Ignoring the Unpleasant

1Now the famine was severe in the land. 2So when Israel’s children had eaten all the grain they had brought from Egypt, their father told them, “Go back again! Buy a little food for us!” 3But Judah said, “The main firmly warned us, ‘You shall not see my face unless you bring your brother with you.’” — Genesis 43:1-3

(This is Henry again—it’s one of those weeks! Apologies for sending it late.)

Do you ever just forget about something that has an unpleasant element to it? I know that I do. There are things that need to be done, but I kind of let them slide because they are either unpleasant in themselves, or they involve me doing something else that’s unpleasant.

For example, I have a really hard time getting motivated to gather the paperwork to do my income taxes. I know the forms now for my business quite well, and can fill them out quickly. It’s not fun, but it’s not hard. But gathering the paperwork together and the reports from my accounting software? Not so much! I’m even getting fairly good at keeping the accounts up to date so all I have to do is get the right folders together and select the right reports, but I hate it.

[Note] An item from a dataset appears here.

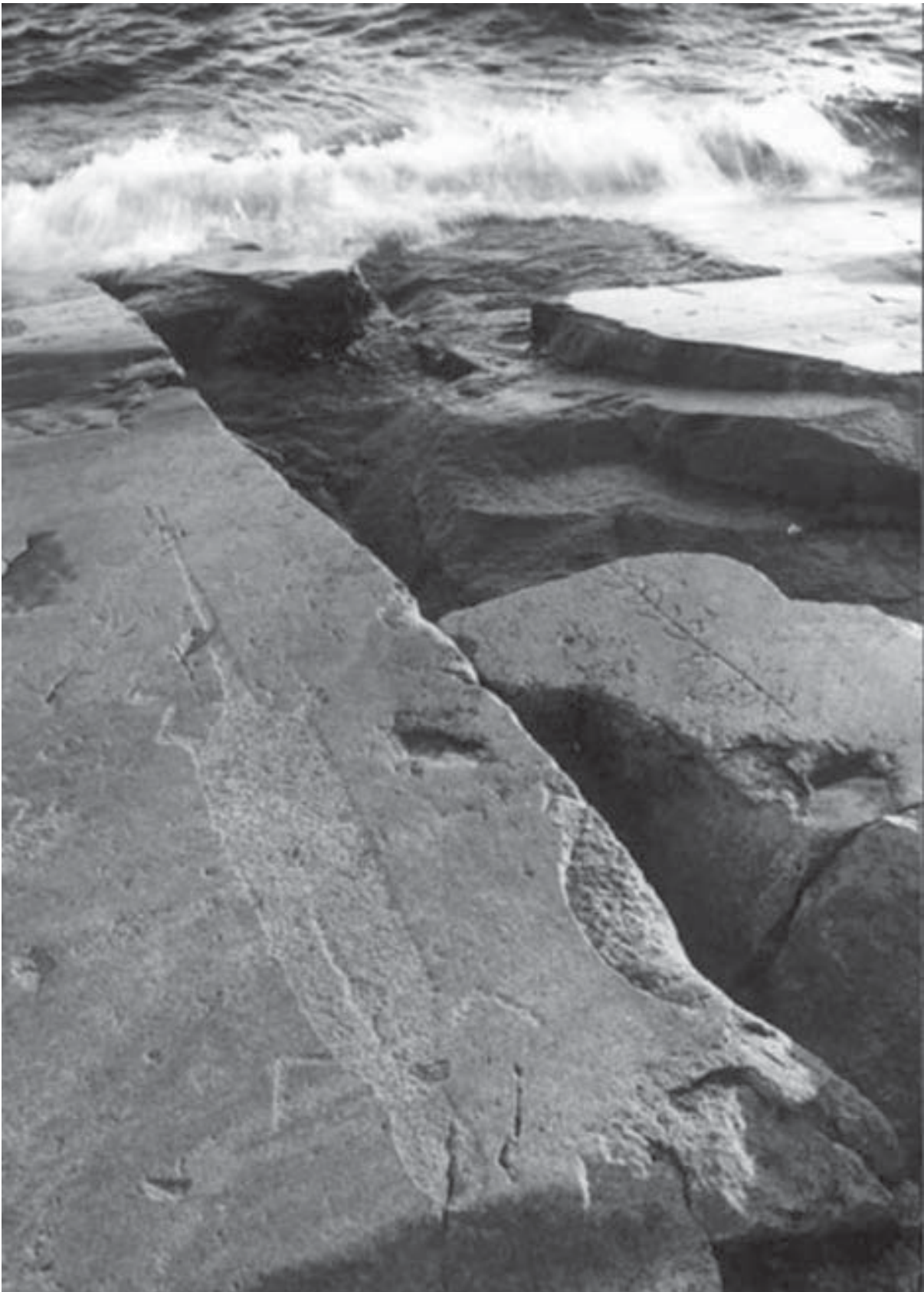
Petroglyphs on the shore of Lake Onego.

Then there are phone calls to someone I don’t want to talk to, or someone to whom I need to convey a less than pleasant message. I’m likely to think suddenly that Jody is really good at making that sort of calls, and perhaps she’ll do it for me. Unfortunately, she will probably not forget the unpleasant side of it, so she’ll say, “I think that’s your call to make.”

So here’s Jacob, acting pretty much the same way. The brothers have already told him what the ruler in Egypt had said. He knew what was required, but he just couldn’t help asking the brothers to go back to Egypt. Maybe they would forget about the need to take their brother. Maybe they’d risk themselves.

I notice in the story that Joseph seems to become reconciled to his brothers, and they to him, but Jacob himself never quite gets it. He’s still willing to sacrifice 10 brothers for the sake of one. He hopes they won’t notice and will do it “somehow.”

It reminds me of what I call the “Star Trek” style of command. Those of you who know the older Star Trek series, you know, the one with Kirk and Spock, not Picard and Data, will remember how Scotty would be down in the engine room fighting fires and collapsing parts. Kirk needs Warp 7 or whatever, but the engines aren’t up to it. “It will take at least two hours to fix,” says Scotty. “That’s not good enough, I need it in one,” says Kirk. And because this is fiction, Scotty “somehow” manages to get it all done.

It’s easy to fall into this style of leadership in our homes, businesses, or churches. A leader announces a goal, and then expects others to figure out how to do it, whether the resources are available or not. We ask our children to accomplish great things, but then don’t provide the atmosphere and support that are necessary. We may ask employees or coworkers to “solve it” but we don’t provide the means or consider their gifts.

There has to be a careful balance here, because many times someone is not doing all they could or should, and note that those may be two different things! But at other times unreasonable demands may just be creating unnecessary failure and discouragement. We need to recognize this also in our bosses at work and our leaders. When is someone simply making a demand because they don’t have any better idea, or have decided to forget the unpleasant?

Are you a Jacob? Do you ask people to take risks you wouldn’t take? Do you expect things of others that you have no idea how you would manage yourself? Do you let others do it to you?

Make sure the burdens you accept are the proper ones.